Doesn't ring a bell, but I say, “He was such a nice man, Miss Jessie. A real nice Harry.” I spring outta my chair even though I can tell it's important to her that we sit and remember him together. I don't want to hurt her feelings, but, well, the rain is letting up some and I got a fish to fry.
“Life sure is peculiar, ain't it,” she says. “The way a warm body is keepin' you close, takin' care of you and then just like that.” She snaps her fingers. “You're one instead of two.”
Or one instead of three.
Memories are washing across Miss Jessie's face. What a comfort that must be, to recollect whatever you want, whenever you want. To wade right into those good old days. When there was a mama and daddy. And a me that is no more.
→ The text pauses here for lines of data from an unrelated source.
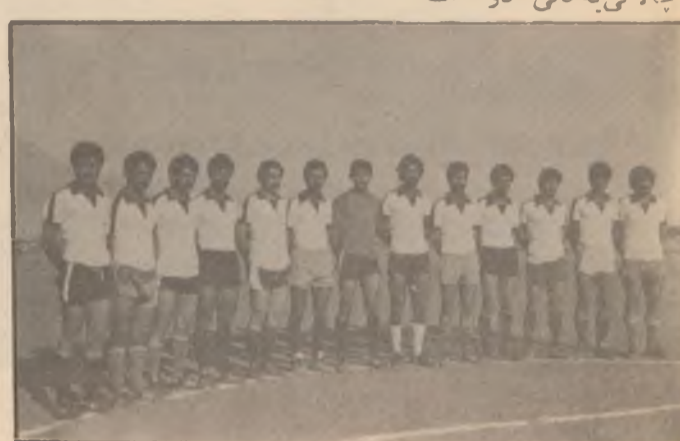
گهله - باشماوه

بۆ زیاتر زانین و نریش بوونه وه له چالاکی به زوره کانی نهم تیبه ، هه زمان کرد جاومان به راهینه ری تیب کساک (وشییار فتاح) بکهوئ . . نویش بهم جزره له تیبو چالاکی به کانی دوا .
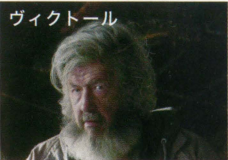
ヴィクトール ホームレス。家出したエアを助ける。携帯を持たないから余命を知らず、興味もない。
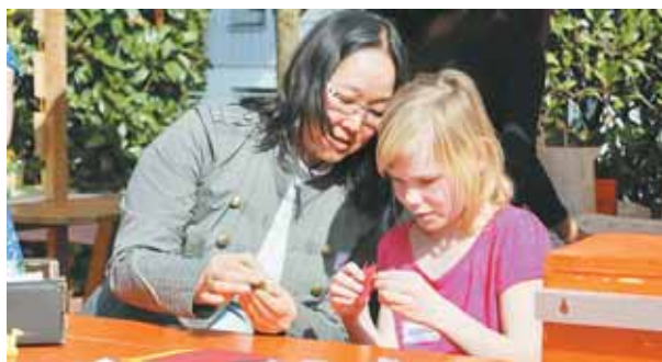
Menschen jeden Alters zeigten bei einer Aktion der youngCaritas.at, dass sie dem Leid in Japan nicht tatenlos zusehen.
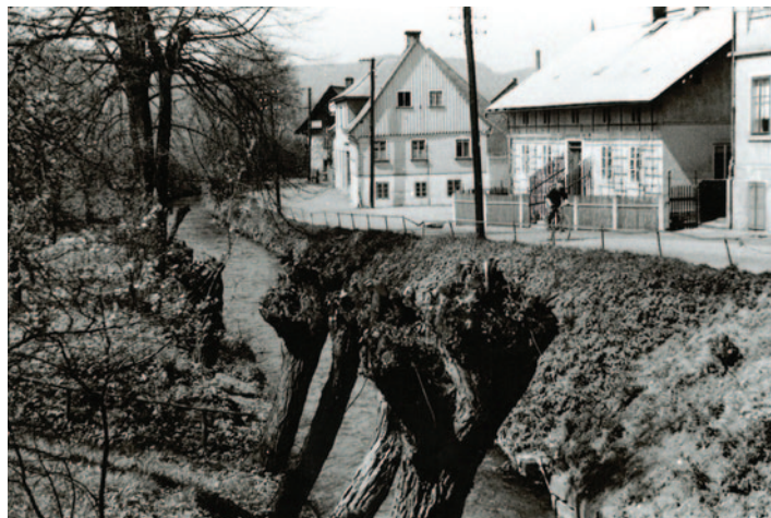
Náhon na začátku Luční ulice

When . . . for crissakes. What a complete dope I am. Why in the world did I bring up her dead husband when the purpose of this whole conversation was to glue Grampa and her together in a love collage?
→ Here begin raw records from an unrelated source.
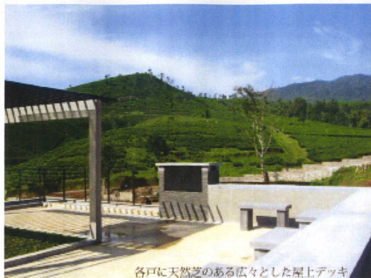
各戸に天然芝のある広々とした屋上デッキ
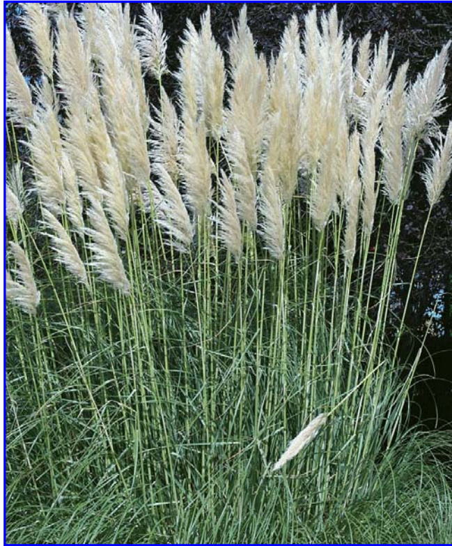
Cortaderia selloana (Panpa-lezka)
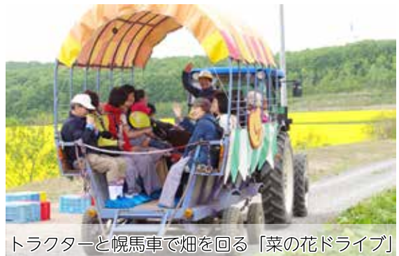
トラクターと幌馬車で畑を回る「菜の花ドライブ」

このように、今回のイベントでは、1つの目的をきっかけに複数箇所に立ち寄る来訪者の動向がうかがえました。来春、「あびら D51 ステーション」開業後は、道の駅が特産品や観光情報、各種催しの集結拠点となります。町の玄関口として、来訪者に新たな安平町の魅力を感じていただくとともに、町内ファンの獲得につなげることができるよう、今回の菜の花イベントの成果を参考に取り組みを進めていきたいと考えています。

“Ya know how ya been askin' me to help you move some of that hay from the loft down to the feed room?” I switch subjects, hoping she'll do the same. “Now would be a real good time for me to do that for ya.”
“What?” she answers.
“I said, I'll move that hay outta the loft for you today.”
“Oh. Well, thanks for the offer, but that's a job for two and I gotta get into town. I'm on the food committee for Cray Ridge Days and we got our final meetin' this afternoon,” she says, setting Keeper down. "C'mon, I'll give you a ride back to the diner.”
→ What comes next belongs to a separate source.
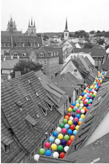
2016_Samantha Font-Sala Luftballons
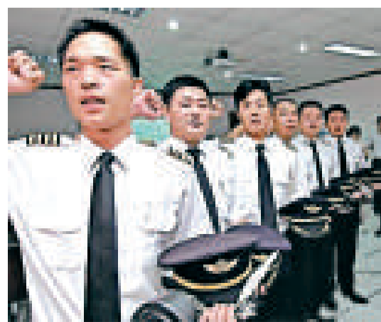
▲民航局澄清「飛行員造假」事件是發生於2008年之前的舊事

【本報訊】中新社北京八日電：針對近日有媒體披露「200餘名中國飛行員資質造假」一事，國家民航局8日公開表示，此事發生在2008年之前，民航局查出的192名資質造假飛行員已被嚴肅查處。

Crap on a cracker. I can't say, Don't trouble yourself, I'm looking forward to walking back through this hellacious storm. No. Miss Jessie's a sharp cookie. That would make her suspicious as hell. I look back up at the loft. There he is. Giving me one of those movie-star smiles of his. Those pictures of Miss Cheryl and Miss DeeDee sitting in their car in front of the pumps are in that briefcase. And, more important, the ones of Buster Malloy dead on the beach are in there, too. The leather-like is locked so Sneaky Tim Ray can't get at them unless he breaks it open. But I'm pretty certain that's not what he wants to get into.
“Gosh, I just remembered something,” I say, walking beside Miss Jessie on the way to her truck. “I told Peaches I'd give her a bath.”
“Ya sure you wanna do that today?”
“Ya know how I get when I set a plan, Miss Jessie. Ya know what a goddamn terrier I can be.”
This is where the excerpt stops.